# usps online label help



## winestonefarm (Oct 6, 2008)

i cannot get it to print the labels to save my life, i've done it in the past (random times it worked) it will print the sample but not the label. am i missing something? is my computer too slow? 

thanks!


----------



## NubianSoaps.com (Oct 26, 2007)

Gosh no idea, and if anyone is going to have problems it would be me  They are great, ask them for help....whenever I clicked 'no' it didn't print my label, but it still charged me, then I would have to ask for a refund, which isn't fun....it was something he fixed on his end on my account.


----------



## Lynn_Theesfeld (Feb 21, 2010)

It might be your printer, you have to be sure it's set to print document and marks i think it is...i found this out after we first bought it and needed to print the ADGA kid form... 

It should pop up whenever you print.
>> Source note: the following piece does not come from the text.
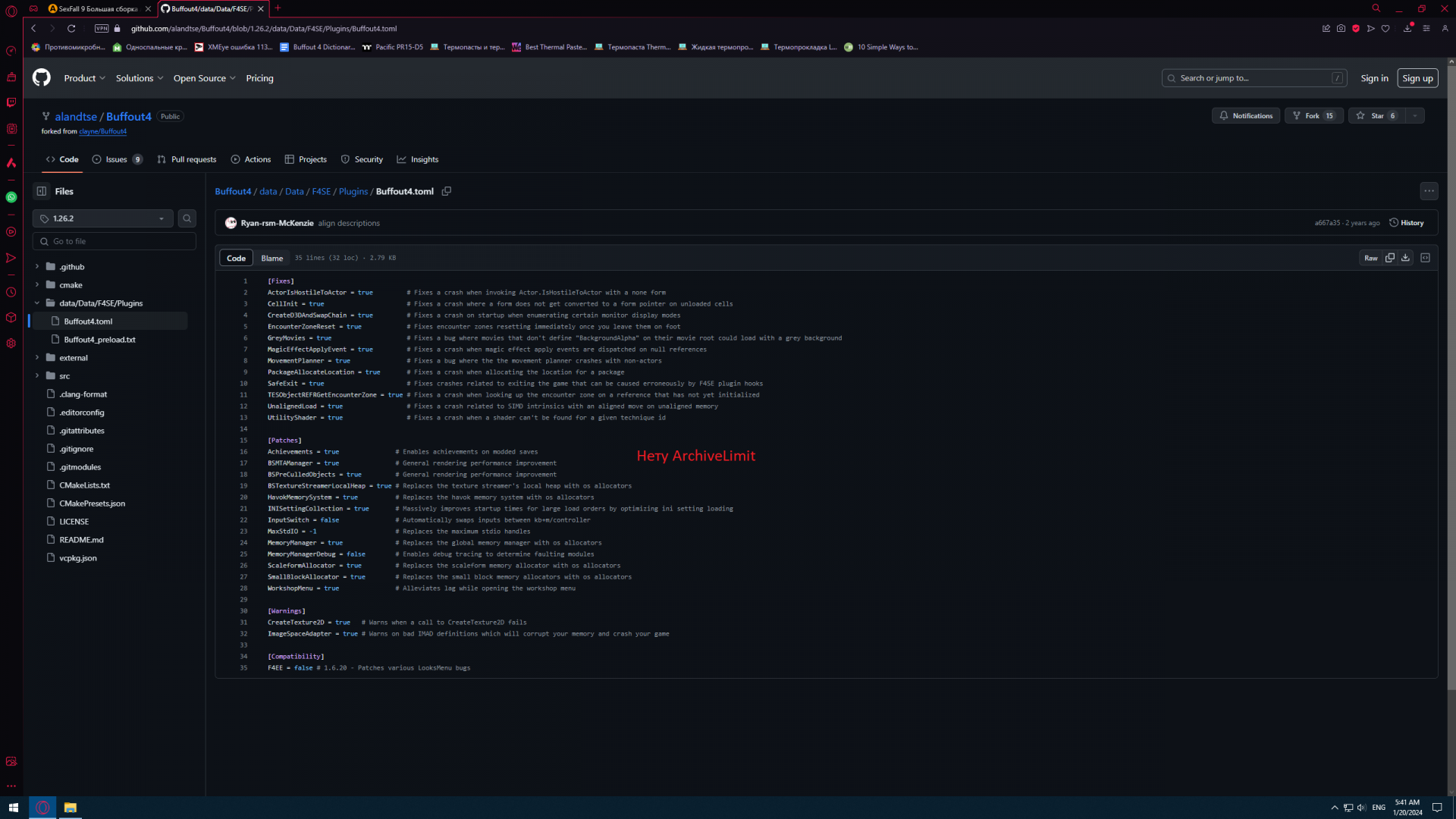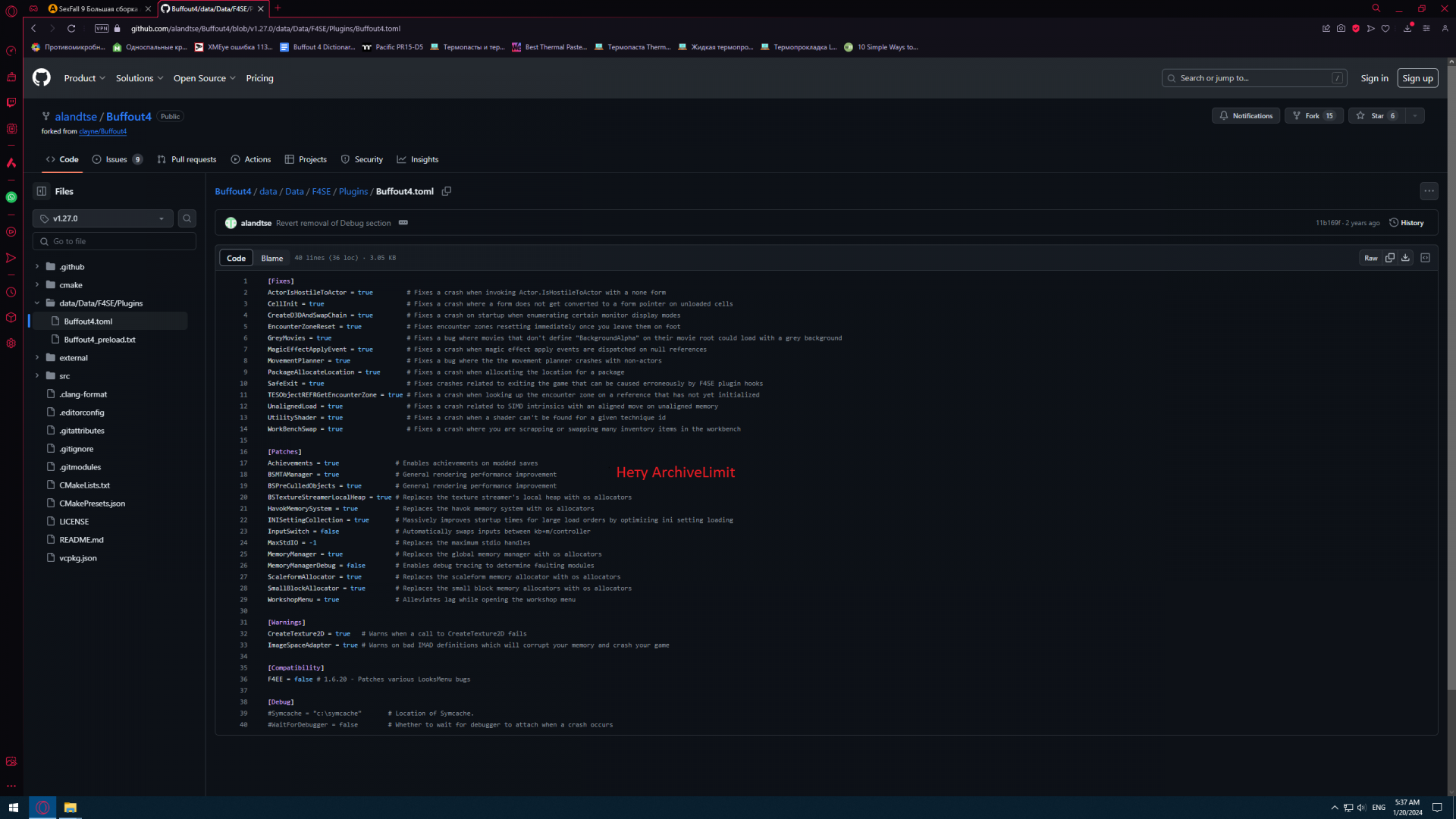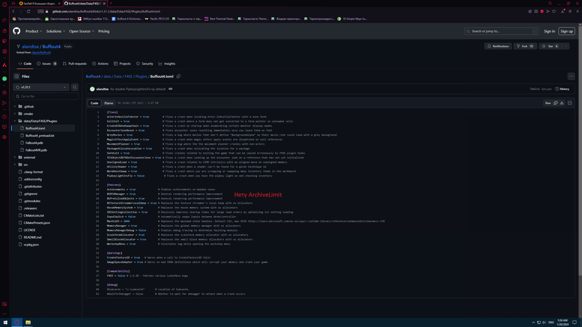 @aplayer Спасибо, я вообще не знал что Баффаут командная работа. И что они на Гит Хабе все эти годы были. Но я чего то вообще не понял что ха фигня происходит. Прошелся по всем билдам от 1-26-2 вплоть до 1-31-1 и ни в одном нету параметра ArchiveLimit. В версии на Нексусе и Геймер Модс есть. Мало того, там файл конфига старый как в 7й сборке. Buffout4.toml сразу в папке F4SE\Plugins в отличие от того что в сборке 9, где он в подпапке Buffout4. Такое ощущение что то что на Гит Хабе это ответвление. И такое может быть только если команда распалась.

I just printed and shipped today, but next time I do i will see exactly what it is and says... Sorry I am just not the computer savvy


----------



## Jenny M (Nov 21, 2009)

Do you have Adobe loaded on your computer? I don't think it will work correctly w/o it. Are you getting the printer dialog box when you click "print" on the USPS website?


----------



## winestonefarm (Oct 6, 2008)

yes i have adobe, no the printer box does not pop up, it does for the sample but not the label.


----------



## jimandpj (Mar 11, 2008)

We don't use that anymore, but in the beginning, sometimes the pop-up box would pop up *behind* all the open windows. So you had to minimize the first windows to see it. We never did figure out why it did that. Could it be hiding somewhere?

PJ


----------